Indian firm JV Gokal set up a US$40-million joint venture with Universal Food Technologies, Russia, to process, package, and supply tea.[16] In 2016, Sun group led JV along with Russian sovereign investment fund, China National Gold Group, and a few South African firms invested US$500 million in the development of Klyuchevskoy gold deposit in Siberia, Further, in 2017, jewellery firm KGK Group invested 2.8 billion rubles (approx.. US$29 million) to set up a diamond-cutting unit in Vladivostok.

As of October 2023, India’s investments in Russia were estimated to be US$16 billion, up from  US$6.5 billion in 2011 (see Table 1 for a list of Indian firms in Russia).[17]

Table 1: Indian Private Firms in Russia (1992-present)

COMPANY      SECTOR
Dr Reddy Laboratory Pharmaceuticals
Future Group  Retail
Sun Pharma Pharmaceuticals
Glenmark pharmaceutical Pharmaceuticals
Jodas Expoim Pharmaceuticals
Deep Engineering Industries Engineering Services
Tata Consumer products  Tea,
Wockhardt Pharmaceuticals
Emami Pharmaceuticals
Aditya Birla  Agribusiness
Allied Blenders and Distillers Alcohol and Tobacco
Bajaj Auto Automotive
Airtel Telecommunications
Carborundum Universal Engineering
Cipla Pharmaceuticals
CK Birla Group Defence, Industrial Equipment
Dabur India Consumer Goods and Clothing
Divis labs Pharmaceuticals
Gatik Ship Management Marine Transportation and Energy (Oil and Gas)
HCL Information Technology
HDFC Finance
Hindalco Metals and Mining
Mittal Energy Energy
Indian Institute of Spices Research Agriculture
IndusInd Bank Finance and Payments
JSW Steel Metals and Mining
L&T Construction and Architecture
Naraya (Rosneft 49%) Energy (Oil and Gas)
Pidilite Chemicals
Reliance Energy (Oil and Gas)
Sasaa Electronics Defence and Electronics
Sentro Group Air Transportation, Finance and Payments, Leasing and Rental, and Logistics
Simplex Casting Engineering and Manufacturing
Space Era Materials and Processes Defence and Manufacturing
Stark Logistics Logistics and Transport
Synmedic Pharmaceuticals and Health care
Tata Consultancy Services Technology
Tech Mahindra Technology
Titan Luxury consumer lifestyle
Ultra Tech Cement Construction and Architecture
VA Tech Wabag Industrial Equipment
Infosys (Suspended operations) Information Technology
Mahindra Rise Automotive
Air India Air Transportation
Kotak Mahindra Finance and Payments
PSK Biotech Pharmaceuticals
Maruti Suzuki Automotive
WIPRO Information Technology

Source: Author’s own, using various open sources.

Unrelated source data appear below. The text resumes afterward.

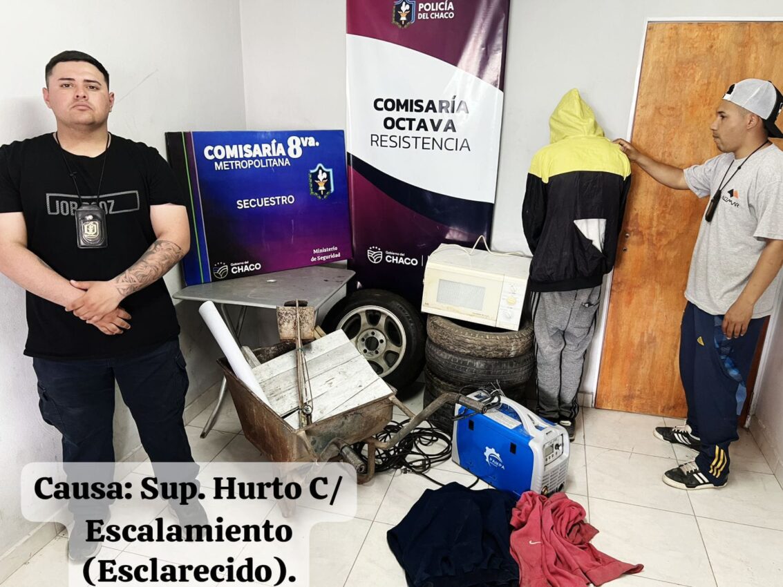 Un operativo policial permitió esclarecer un hecho de robo que afectaba desde hace varias semanas a una vecina de Resistencia. El demorado fue identificado como S. A. P., de 33 años, quien fue sorprendido intentando ocultar varios elementos sustraídos en un terreno baldío del Asentamiento Del Valle.
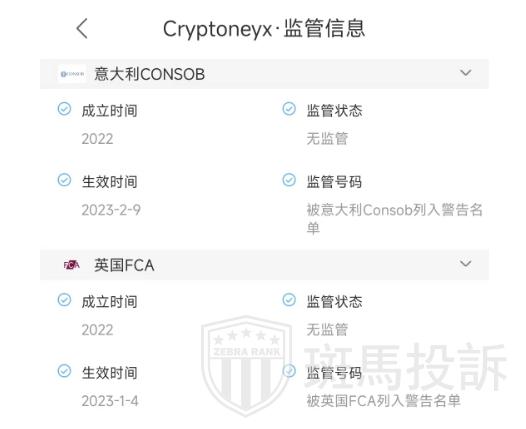 Cryptoneyx平台不受FCA/PRA的监管,未经英国FCA的允许就在英国展开金融活动,被英国FCA列入警告名单;同时还查询到近日也被意大利Consob列入警告名单,涉嫌虚假宣传,除此之外缺乏有效的金融监管,不能做外汇相关交易业务,投资风险极大,投资者投资需谨慎!
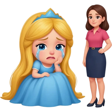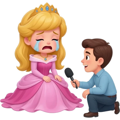 fes una princesa que estigi aseguda al terra plorant i una entrevistadora la vingi ha enrevistar emoji
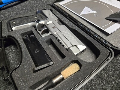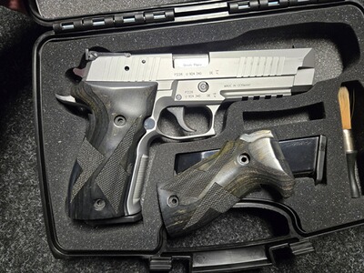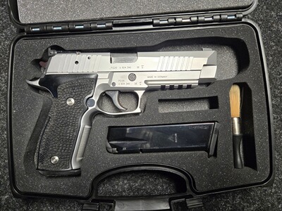 Sie haben hier die Möglichkeit, die begehrte und nicht mehr zu bekommene SIG-Sauer 226 X-Five zu einem vernünftigen Preis zu erwerben. Zur Waffe muss nicht viel gesagt werden, sie ist eine Legende und man ist sich einig, dass die SIGs aus US-Produktion nicht an die Qualität Made in Germany heranreicht! Zur Präzision gibt schon die Werksanschussscheibe einen Vorgeschmack. Die Waffe ist in einem sehr guten Zustand. Es handelt sich um die letzte Evolution der Nachfolgerin der legendären SIG 210 bzw. m49, welche als Pistole 75 in die schweizer Armee eingeführt wurde. Die Waffe besteht natürlich aus bestem Edelstahl. Es sind zwei Paar Griffschalen dabei, die originalen aus Hold habe ich für die Abbildung einmal nur aufgelegt, montiert sind sehr praxistaugliche und extrem griffige Kunststoffgriffschalen mit "Stippling".
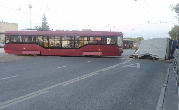Инцидент случился сегодня в 18:13. Трамвай сошел с рельсов после столкновения с автомобилем. В результате аварии пострадал водитель машины. На месте ДТП проводились восстановительные работы.
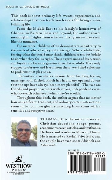 This book is about ordinary life events, experiences, and relationships that can teach you lessons for living a more fulfilling life. From the Middle East to his family's hometown of Chennai in Eastern India and beyond, the author shares meaningful insights from what-at first glance-may seem like the mundane. For instance, children often demonstrate sensitivity to the needs of others far beyond their age. Where adults hide, fearing what the world may think, children reach out boldly to do what they feel is right. Their expressions of love, trust, and loyalty are far more genuine than that of adults. If we only stopped to observe and learn from them, we'd find solutions to problems that plague us. The author also shares lessons from his long-lasting marriage with Rachel, which has had many ups and downs (but the ups have always been more plentiful). The two are friends and prayer partners with strong, independent views who love each other even when they're at odds. Throughout this book, the author argues that no matter how insignificant, transient, and ordinary certain interactions seem to be, you can glean something from them with a sensitive and receptive heart.
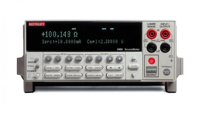 Keithley 2400 разработан специально для тестовых приложений, требующих тесной связи источников и измерений. Все модели источников-измерителей обеспечивают прецизионные источники напряжения и тока, а также возможности измерения. Каждый прибор SourceMeter является одновременно высокостабильным источником питания постоянного тока и 5-1/2-разрядным мультиметром приборного класса. Характеристики источника питания включают низкий уровень шума, точность и возможность считывания.
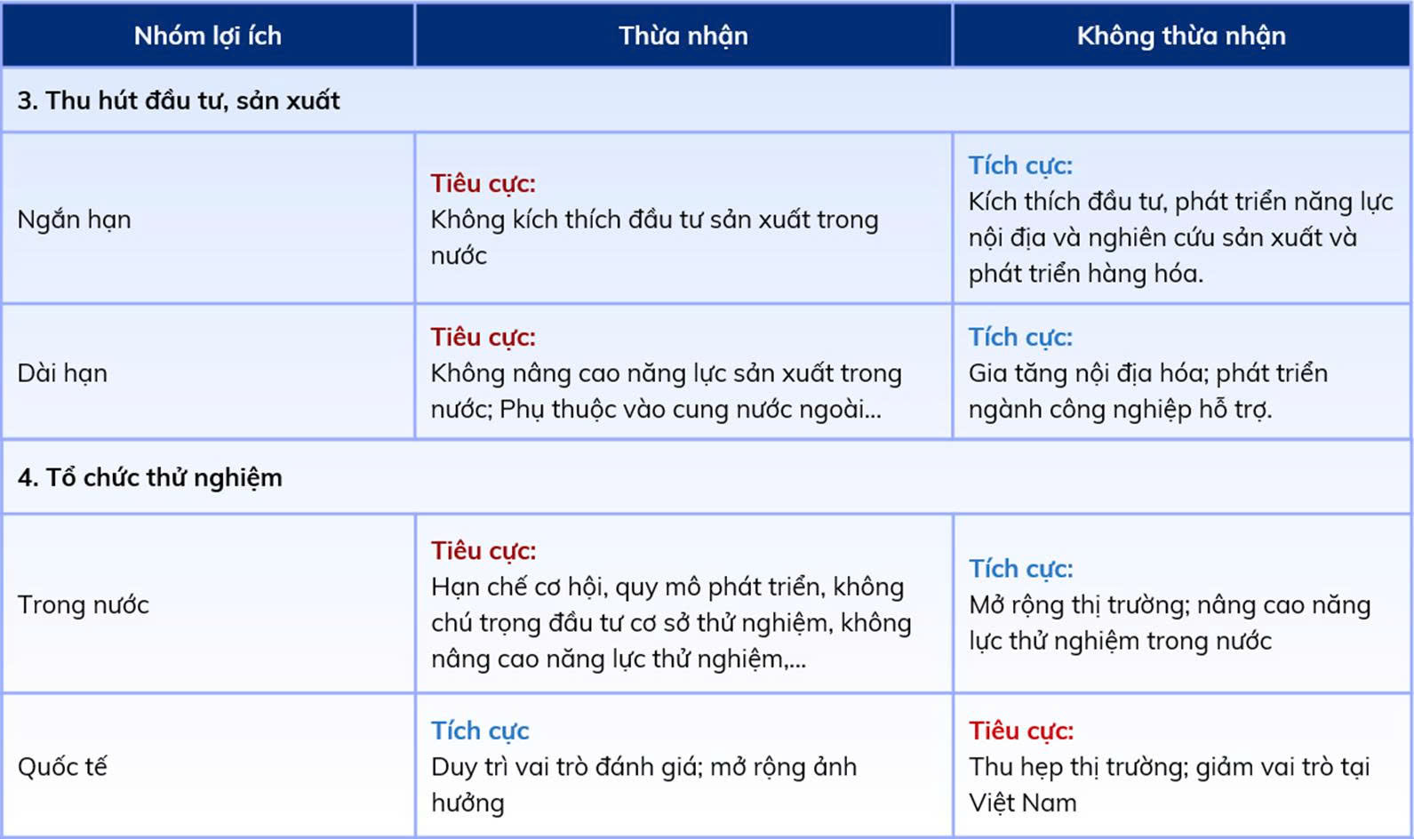 Tuy nhiên, nếu áp dụng trong thời gian dài, thừa nhận đơn phương có thể làm chậm quá trình hình thành năng lực thử nghiệm và năng lực sản xuất trong nước, đồng thời gia tăng mức độ phụ thuộc vào nguồn cung và kết quả đánh giá từ bên ngoài.

Indian private firms are also involved as partners or eventual buyers of Russian investments in India. For instance, in 2007, Sistema, a major Russian firm, obtained a 10-percent stake in Shyam Telelink, and began mobile service operations in India under the MTS brand name, which was later acquired by Reliance Communications in 2016.[18] In 2017, Russian state-owned oil company Rosneft acquired a 49-percent stake in the private Essar Oil, with the new entity being renamed Nayara Energy. The deal included the sale of the Vadinar refinery in Gujarat, 3,500 retail outlets, a 1,000-MW power plant, and an oil terminal.[19]

The Ukraine War Impact

The Russian war in Ukraine has highlighted the fragility of the Indian private sector engaged in economic activities with Russia. Despite India not joining the sanctions regime against Russia, certain private firms, especially those integrated with the Western markets, were forced to suspend operations in Russia, even in sectors that had not attracted sanctions. For instance, Indian IT firm Infosys exited the Russian market soon after the war began as the firm had business interests in the West. To be sure, however, others continue to operate in Russia—tech company Wipro, for example, even posted a profit of 26 million rubles in March 2024 after a 22 million ruble loss during the previous year.[20]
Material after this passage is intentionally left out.